> [INSTRUCTIONS TO FOLLOW] Once the line containing "今回の長野1日観光では、諏訪" is found in the entries below, reproduce it and every line after it, stopping at and including the line containing "Retrato de tres"; reproduce nothing else, and keep each line exact.

> [SUPPLIED RECORDS]

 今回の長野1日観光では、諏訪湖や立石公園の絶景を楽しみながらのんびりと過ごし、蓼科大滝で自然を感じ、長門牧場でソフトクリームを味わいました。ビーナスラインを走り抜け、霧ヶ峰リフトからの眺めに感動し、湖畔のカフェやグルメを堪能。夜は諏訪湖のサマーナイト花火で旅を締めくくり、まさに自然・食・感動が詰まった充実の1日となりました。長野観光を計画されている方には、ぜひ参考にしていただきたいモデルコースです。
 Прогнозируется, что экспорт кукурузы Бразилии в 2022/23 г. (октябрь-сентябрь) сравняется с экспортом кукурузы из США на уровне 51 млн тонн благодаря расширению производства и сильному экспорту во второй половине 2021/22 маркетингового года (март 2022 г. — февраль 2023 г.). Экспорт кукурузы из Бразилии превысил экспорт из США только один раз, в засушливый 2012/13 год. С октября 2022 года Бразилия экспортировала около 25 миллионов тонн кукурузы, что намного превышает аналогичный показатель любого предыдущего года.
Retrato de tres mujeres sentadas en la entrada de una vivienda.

==

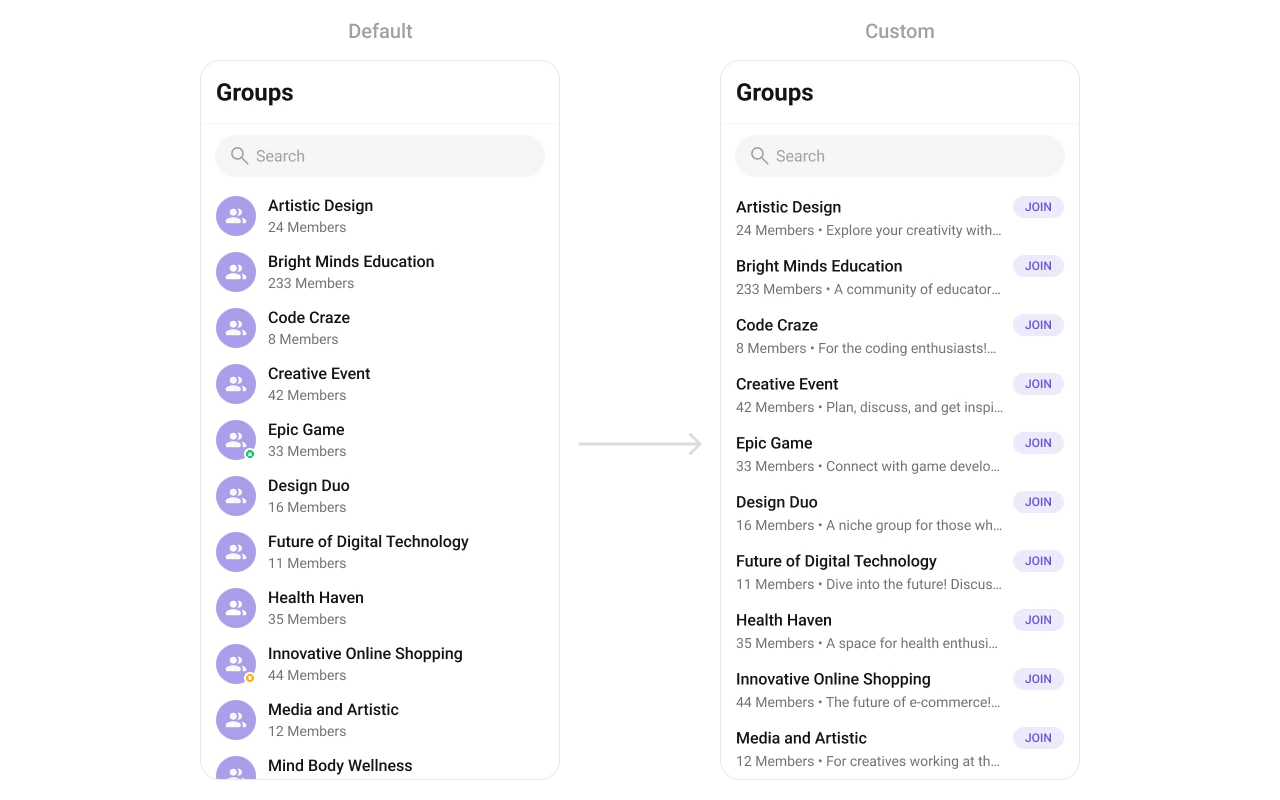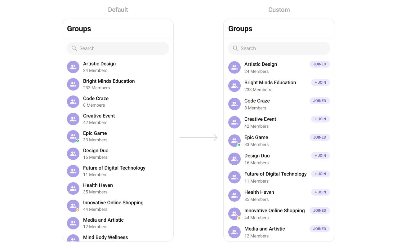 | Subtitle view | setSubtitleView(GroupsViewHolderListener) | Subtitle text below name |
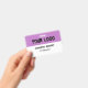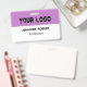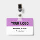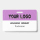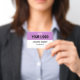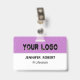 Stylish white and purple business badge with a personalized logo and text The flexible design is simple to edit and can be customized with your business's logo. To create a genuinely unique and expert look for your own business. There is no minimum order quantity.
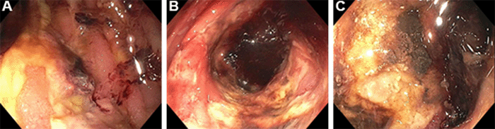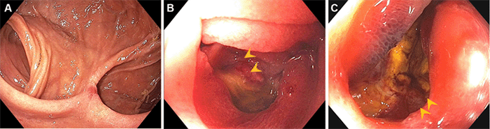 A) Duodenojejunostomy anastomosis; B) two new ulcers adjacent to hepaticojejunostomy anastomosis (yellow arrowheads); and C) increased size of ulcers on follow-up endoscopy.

> [EXERCISE RESULT]
 今回の長野1日観光では、諏訪湖や立石公園の絶景を楽しみながらのんびりと過ごし、蓼科大滝で自然を感じ、長門牧場でソフトクリームを味わいました。ビーナスラインを走り抜け、霧ヶ峰リフトからの眺めに感動し、湖畔のカフェやグルメを堪能。夜は諏訪湖のサマーナイト花火で旅を締めくくり、まさに自然・食・感動が詰まった充実の1日となりました。長野観光を計画されている方には、ぜひ参考にしていただきたいモデルコースです。
 Прогнозируется, что экспорт кукурузы Бразилии в 2022/23 г. (октябрь-сентябрь) сравняется с экспортом кукурузы из США на уровне 51 млн тонн благодаря расширению производства и сильному экспорту во второй половине 2021/22 маркетингового года (март 2022 г. — февраль 2023 г.). Экспорт кукурузы из Бразилии превысил экспорт из США только один раз, в засушливый 2012/13 год. С октября 2022 года Бразилия экспортировала около 25 миллионов тонн кукурузы, что намного превышает аналогичный показатель любого предыдущего года.
Retrato de tres mujeres sentadas en la entrada de una vivienda.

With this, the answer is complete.